● **What is expected**
In the entries below, repeat only the lines between those holding "Только приехали с" and "Enriched Bleached Flour", inclusive. Leave pictures out.
Start of Dataset extract
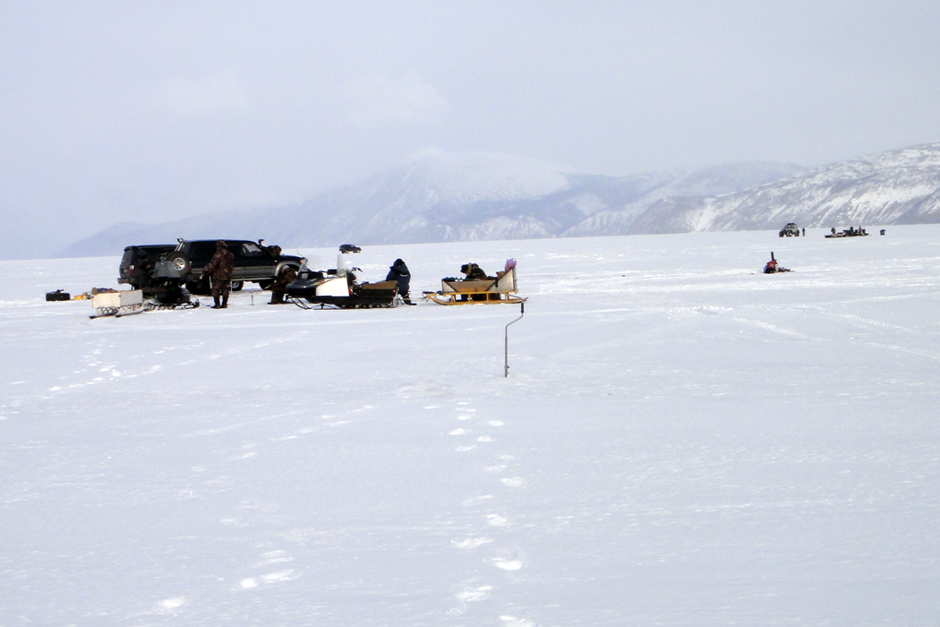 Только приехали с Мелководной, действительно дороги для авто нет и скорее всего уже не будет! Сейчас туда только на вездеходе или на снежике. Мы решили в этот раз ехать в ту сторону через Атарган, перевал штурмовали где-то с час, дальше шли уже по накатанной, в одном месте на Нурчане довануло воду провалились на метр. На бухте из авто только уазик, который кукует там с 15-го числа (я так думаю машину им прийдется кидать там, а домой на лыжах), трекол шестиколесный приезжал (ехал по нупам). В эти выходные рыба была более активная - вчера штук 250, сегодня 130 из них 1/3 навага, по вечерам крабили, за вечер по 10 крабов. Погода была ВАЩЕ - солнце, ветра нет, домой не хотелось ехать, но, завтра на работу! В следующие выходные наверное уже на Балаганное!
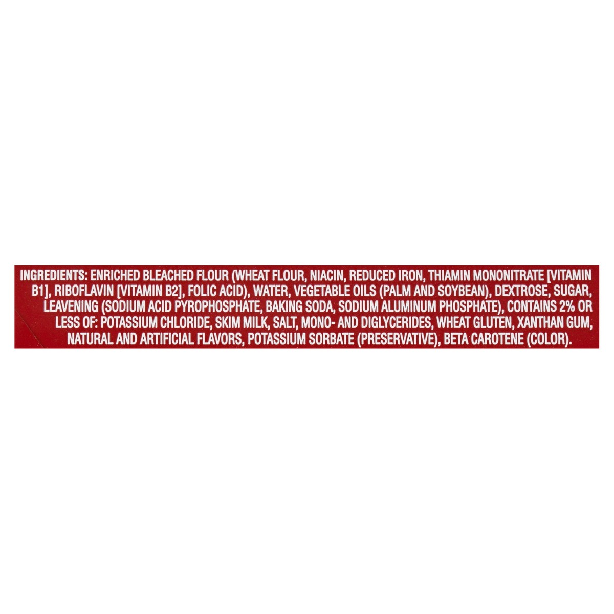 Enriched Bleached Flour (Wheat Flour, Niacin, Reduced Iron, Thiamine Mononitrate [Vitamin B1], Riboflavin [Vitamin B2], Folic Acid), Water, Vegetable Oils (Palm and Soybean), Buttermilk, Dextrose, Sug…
End of Dataset extract
Start of Dataset extract
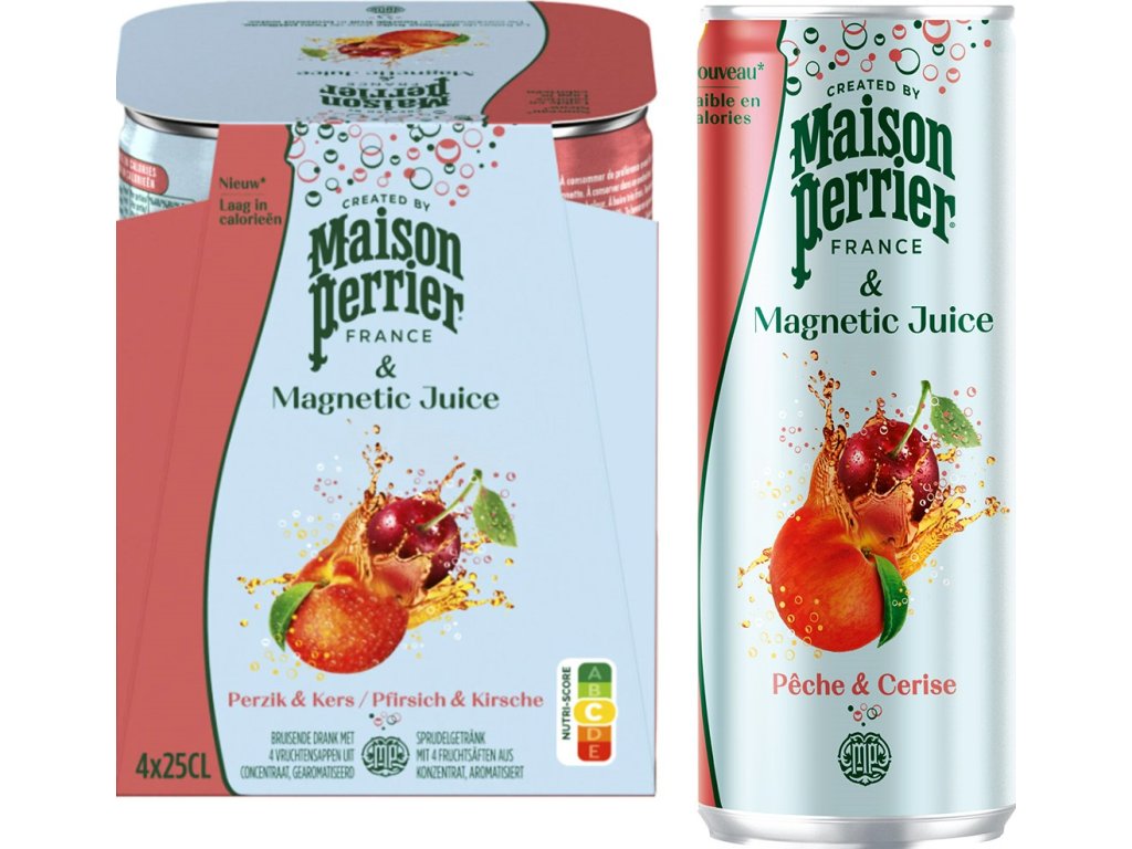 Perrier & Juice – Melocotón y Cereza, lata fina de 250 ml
End of Dataset extract
● **Solution**
 Только приехали с Мелководной, действительно дороги для авто нет и скорее всего уже не будет! Сейчас туда только на вездеходе или на снежике. Мы решили в этот раз ехать в ту сторону через Атарган, перевал штурмовали где-то с час, дальше шли уже по накатанной, в одном месте на Нурчане довануло воду провалились на метр. На бухте из авто только уазик, который кукует там с 15-го числа (я так думаю машину им прийдется кидать там, а домой на лыжах), трекол шестиколесный приезжал (ехал по нупам). В эти выходные рыба была более активная - вчера штук 250, сегодня 130 из них 1/3 навага, по вечерам крабили, за вечер по 10 крабов. Погода была ВАЩЕ - солнце, ветра нет, домой не хотелось ехать, но, завтра на работу! В следующие выходные наверное уже на Балаганное!
 Enriched Bleached Flour (Wheat Flour, Niacin, Reduced Iron, Thiamine Mononitrate [Vitamin B1], Riboflavin [Vitamin B2], Folic Acid), Water, Vegetable Oils (Palm and Soybean), Buttermilk, Dextrose, Sug…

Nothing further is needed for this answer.